Picture: REUTERS
Picture: REUTERS

London — World stocks tumbled for a fourth day on Friday and were on course for their worst week since November, as the escalating war of words over North Korea drove investors towards the yen, the Swiss franc and gold.

Europe’s main London, Frankfurt and Paris markets started between 0.5% and 1.1% lower, and Germany’s ultra-safe 10-year government bonds were trading at their highest prices since June.

US President Donald Trump issued a new verbal warning to Pyongyang on Thursday, saying his previous promise to unleash "fire and fury" may not have been strong enough after North Korea responded with a threat to land a missile near the US Pacific territory of Guam.

Japanese markets were closed for a holiday but the in-demand yen powered on, hitting an eight-week high of ¥108.91 to the dollar, adding to its biggest weekly gain since May.

The yen tends to benefit during times of geopolitical or financial stress as Japan is the world’s biggest creditor nation and there is an assumption that Japanese investors there will repatriate funds should a crisis materialise.

The Swiss franc, the other traditional currency safety-play, has benefited too.
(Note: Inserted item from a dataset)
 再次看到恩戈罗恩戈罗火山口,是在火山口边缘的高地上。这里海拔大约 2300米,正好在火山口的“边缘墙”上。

Two weeks ago it saw its biggest weakly fall against the euro since the start of 2015.

This week has been its biggest rise since June 2016.

"Geopolitical tensions are the main focus: the S&P 500 was down 1.5% last night and many investors are becoming risk averse," said DZ Bank strategist Andy Cossor.
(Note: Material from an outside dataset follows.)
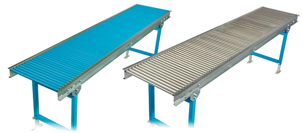 ∙ Rahmengerüst aus U-Profilen 20/70/20 ∙ Verzinkt ∙ Tragrollen wahlweise Stahlrohr verzinkt oder Kunststoffrohr in den Durchmessern 20 und 30 mm ∙ Kurven-

Many world stock markets have hit record or multi-year highs in recent weeks, leaving them vulnerable to a sell-off, and the tensions over North Korea have proved the trigger.

The CBOE volatility index, the most widely followed barometer of expected near-term US stock market volatility, hit its highest mark since November 8, when Trump was elected president.

The Chinese volatility gauge jumped by the most since January 2016 to its highest level in more than seven months. The eurozone’s version is the highest since April, when France’s election was rattling the region.

Overnight, MSCI’s broadest index of Asia-Pacific shares outside Japan had skidded 1.55%, its biggest one-day loss since mid-December, to leave it down 2.5% for the week.

"What has changed this time is that the scary threats and war of words between the US and North Korea have intensified to the point that markets can’t ignore it," said Shane Oliver, head of investment strategy at AMP Capital in Sydney.

"Of course, it’s all come at a time when share markets are due for a correction, so North Korea has provided a perfect trigger."

New Cuban crisis?

South Korea’s KOSPI fell 1.8% to a low of nearly 12 weeks, but its losses for the week are a relatively modest 3.2%. "Pretty remarkable, perhaps even extraordinary, considering," said Tim Ash, a strategist at fund manager BlueBay.

The Korean won also continued to skid, down 0.45% to 1,147.20/$, falling below its 200-day moving average for the first time in a month.

Australian shares were down 1.3%, for a weekly loss of 0.6%, and Chinese and Hong Kong blue chips lost 1.6% and 1.9% respectively.

A Chinese state-run newspaper said on Friday that China should make clear that it will stay neutral if North Korea launches an attack that threatens the United States, but that if the US attacks first and tries to overthrow North Korea’s government, China will prevent it doing so.

"This situation is beginning to develop into this generation’s Cuban Missile crisis moment," ING’s chief Asia economist Robert Carnell wrote in a note.

The market’s backstop safety asset, gold, edged up to its latest two-month high of $1,288 an ounce. It soared more than 2% in the previous two sessions, and is set for a weekly gain of 2.25%.

Crude futures extended losses on fear of slowing demand and lingering concern over a global oversupply.

US crude was down 0.9% at $48.16 a barrel, on track for a weekly loss of 2.9%. Global benchmark Brent also fell 0.9%, to $51.44, after Thursday’s 1.5% drop. It is poised to end the week down 1.9%.

The industrial bellwether metal copper was set for its first weekly drop in five weeks.